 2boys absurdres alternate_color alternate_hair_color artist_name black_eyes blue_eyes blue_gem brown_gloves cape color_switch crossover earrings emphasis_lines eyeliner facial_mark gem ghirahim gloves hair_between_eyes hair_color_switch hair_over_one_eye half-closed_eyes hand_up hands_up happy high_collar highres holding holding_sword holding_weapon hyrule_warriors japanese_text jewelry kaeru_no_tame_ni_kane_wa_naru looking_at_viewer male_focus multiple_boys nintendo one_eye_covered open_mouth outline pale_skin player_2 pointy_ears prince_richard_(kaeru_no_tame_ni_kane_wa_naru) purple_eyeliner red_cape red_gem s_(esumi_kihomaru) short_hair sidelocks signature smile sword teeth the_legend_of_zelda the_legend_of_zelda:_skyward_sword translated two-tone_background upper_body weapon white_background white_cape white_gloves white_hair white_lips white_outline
...
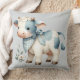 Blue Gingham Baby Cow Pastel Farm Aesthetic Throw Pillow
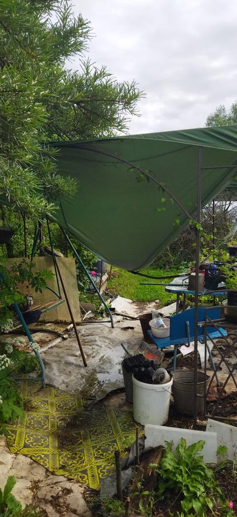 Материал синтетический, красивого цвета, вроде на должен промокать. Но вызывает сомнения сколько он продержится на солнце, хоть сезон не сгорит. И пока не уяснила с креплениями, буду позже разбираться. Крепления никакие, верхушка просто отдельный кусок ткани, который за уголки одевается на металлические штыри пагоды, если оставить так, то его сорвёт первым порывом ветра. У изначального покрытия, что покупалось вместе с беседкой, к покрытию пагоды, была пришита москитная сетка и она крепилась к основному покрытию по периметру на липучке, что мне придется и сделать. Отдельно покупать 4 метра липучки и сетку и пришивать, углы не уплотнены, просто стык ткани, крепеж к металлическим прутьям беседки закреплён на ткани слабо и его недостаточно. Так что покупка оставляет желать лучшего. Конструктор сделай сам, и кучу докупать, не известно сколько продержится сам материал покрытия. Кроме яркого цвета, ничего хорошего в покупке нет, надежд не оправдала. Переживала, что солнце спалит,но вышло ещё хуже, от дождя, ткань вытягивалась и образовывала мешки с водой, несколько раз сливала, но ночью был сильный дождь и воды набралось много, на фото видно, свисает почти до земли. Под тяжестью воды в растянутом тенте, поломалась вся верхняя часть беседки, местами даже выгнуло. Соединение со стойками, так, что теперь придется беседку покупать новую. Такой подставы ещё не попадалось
---
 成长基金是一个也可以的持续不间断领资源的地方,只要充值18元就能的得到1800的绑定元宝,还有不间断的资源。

* _HOW TO COMPLETE THIS TASK_:
Starting with the line that has "Blue Gingham Baby" and ending with the line that has "Материал синтетический, красивого", repeat the lines above exactly, omitting every picture.

* _WRITTEN SOLUTION_:
 Blue Gingham Baby Cow Pastel Farm Aesthetic Throw Pillow
 Материал синтетический, красивого цвета, вроде на должен промокать. Но вызывает сомнения сколько он продержится на солнце, хоть сезон не сгорит. И пока не уяснила с креплениями, буду позже разбираться. Крепления никакие, верхушка просто отдельный кусок ткани, который за уголки одевается на металлические штыри пагоды, если оставить так, то его сорвёт первым порывом ветра. У изначального покрытия, что покупалось вместе с беседкой, к покрытию пагоды, была пришита москитная сетка и она крепилась к основному покрытию по периметру на липучке, что мне придется и сделать. Отдельно покупать 4 метра липучки и сетку и пришивать, углы не уплотнены, просто стык ткани, крепеж к металлическим прутьям беседки закреплён на ткани слабо и его недостаточно. Так что покупка оставляет желать лучшего. Конструктор сделай сам, и кучу докупать, не известно сколько продержится сам материал покрытия. Кроме яркого цвета, ничего хорошего в покупке нет, надежд не оправдала. Переживала, что солнце спалит,но вышло ещё хуже, от дождя, ткань вытягивалась и образовывала мешки с водой, несколько раз сливала, но ночью был сильный дождь и воды набралось много, на фото видно, свисает почти до земли. Под тяжестью воды в растянутом тенте, поломалась вся верхняя часть беседки, местами даже выгнуло. Соединение со стойками, так, что теперь придется беседку покупать новую. Такой подставы ещё не попадалось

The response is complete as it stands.